Work required =
Going line by line through the records below, write out everything starting with the line containing "向日葵的最佳觀賞期為8月中到" and going on through the line containing "中古风超薄翻斗藤编鞋柜家用门口新款25爆款玄关柜一体实木色鞋架", exactly and inclusively. Pictures do not go in.

Input for this task =
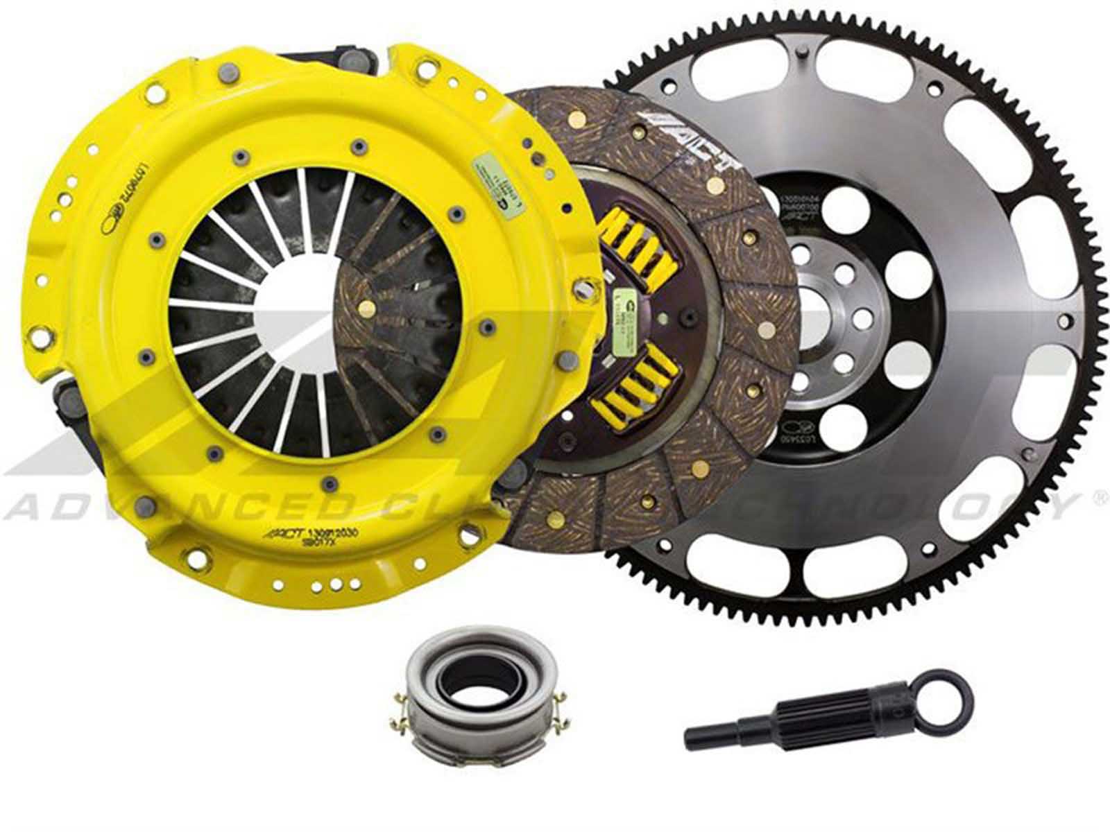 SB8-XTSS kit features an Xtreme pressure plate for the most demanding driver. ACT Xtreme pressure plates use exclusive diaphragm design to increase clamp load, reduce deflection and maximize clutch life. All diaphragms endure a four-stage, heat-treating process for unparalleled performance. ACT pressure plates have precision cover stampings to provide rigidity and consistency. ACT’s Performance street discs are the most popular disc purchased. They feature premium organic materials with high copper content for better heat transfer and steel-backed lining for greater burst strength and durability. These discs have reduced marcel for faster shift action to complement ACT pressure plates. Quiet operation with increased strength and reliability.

...

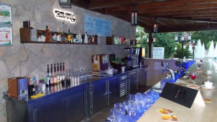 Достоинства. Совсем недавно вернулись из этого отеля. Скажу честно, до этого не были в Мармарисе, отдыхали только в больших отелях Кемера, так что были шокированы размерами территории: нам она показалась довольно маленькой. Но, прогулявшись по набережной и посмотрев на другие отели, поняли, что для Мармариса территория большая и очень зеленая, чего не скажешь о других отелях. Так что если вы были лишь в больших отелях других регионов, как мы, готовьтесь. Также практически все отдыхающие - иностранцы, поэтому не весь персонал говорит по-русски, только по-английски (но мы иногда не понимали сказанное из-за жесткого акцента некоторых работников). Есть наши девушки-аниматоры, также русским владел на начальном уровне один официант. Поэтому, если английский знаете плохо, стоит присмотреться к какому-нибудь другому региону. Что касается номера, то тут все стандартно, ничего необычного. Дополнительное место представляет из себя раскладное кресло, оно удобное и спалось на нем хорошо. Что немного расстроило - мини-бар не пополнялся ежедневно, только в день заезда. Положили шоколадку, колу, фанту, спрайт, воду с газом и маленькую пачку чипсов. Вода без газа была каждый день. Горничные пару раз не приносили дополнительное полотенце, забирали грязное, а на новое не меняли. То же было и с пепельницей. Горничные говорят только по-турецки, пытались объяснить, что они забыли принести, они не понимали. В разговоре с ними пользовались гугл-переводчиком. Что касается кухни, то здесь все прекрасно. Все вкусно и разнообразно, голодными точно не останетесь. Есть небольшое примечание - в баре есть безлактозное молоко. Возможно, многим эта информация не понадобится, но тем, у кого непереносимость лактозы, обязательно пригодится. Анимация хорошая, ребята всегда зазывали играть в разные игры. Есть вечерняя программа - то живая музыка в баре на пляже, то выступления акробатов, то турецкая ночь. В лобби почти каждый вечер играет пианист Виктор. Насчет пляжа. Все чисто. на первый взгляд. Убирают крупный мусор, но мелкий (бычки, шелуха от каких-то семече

==

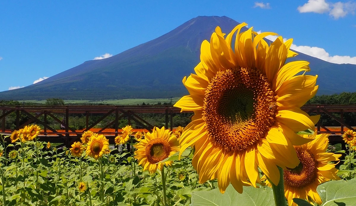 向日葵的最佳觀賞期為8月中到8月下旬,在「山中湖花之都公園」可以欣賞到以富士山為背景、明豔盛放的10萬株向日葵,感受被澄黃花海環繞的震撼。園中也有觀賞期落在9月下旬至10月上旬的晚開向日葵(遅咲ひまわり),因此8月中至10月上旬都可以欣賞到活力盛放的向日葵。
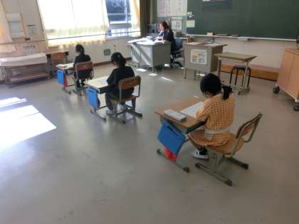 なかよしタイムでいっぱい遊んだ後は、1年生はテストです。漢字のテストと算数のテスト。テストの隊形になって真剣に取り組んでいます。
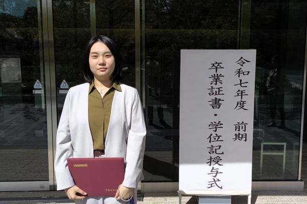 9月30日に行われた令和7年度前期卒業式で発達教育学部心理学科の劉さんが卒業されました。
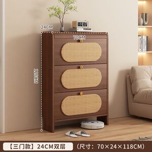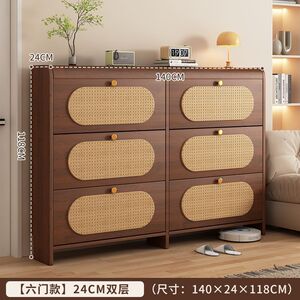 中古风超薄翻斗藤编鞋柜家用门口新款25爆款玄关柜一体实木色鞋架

Answer for this exercise =
 向日葵的最佳觀賞期為8月中到8月下旬,在「山中湖花之都公園」可以欣賞到以富士山為背景、明豔盛放的10萬株向日葵,感受被澄黃花海環繞的震撼。園中也有觀賞期落在9月下旬至10月上旬的晚開向日葵(遅咲ひまわり),因此8月中至10月上旬都可以欣賞到活力盛放的向日葵。
 なかよしタイムでいっぱい遊んだ後は、1年生はテストです。漢字のテストと算数のテスト。テストの隊形になって真剣に取り組んでいます。
 9月30日に行われた令和7年度前期卒業式で発達教育学部心理学科の劉さんが卒業されました。
 中古风超薄翻斗藤编鞋柜家用门口新款25爆款玄关柜一体实木色鞋架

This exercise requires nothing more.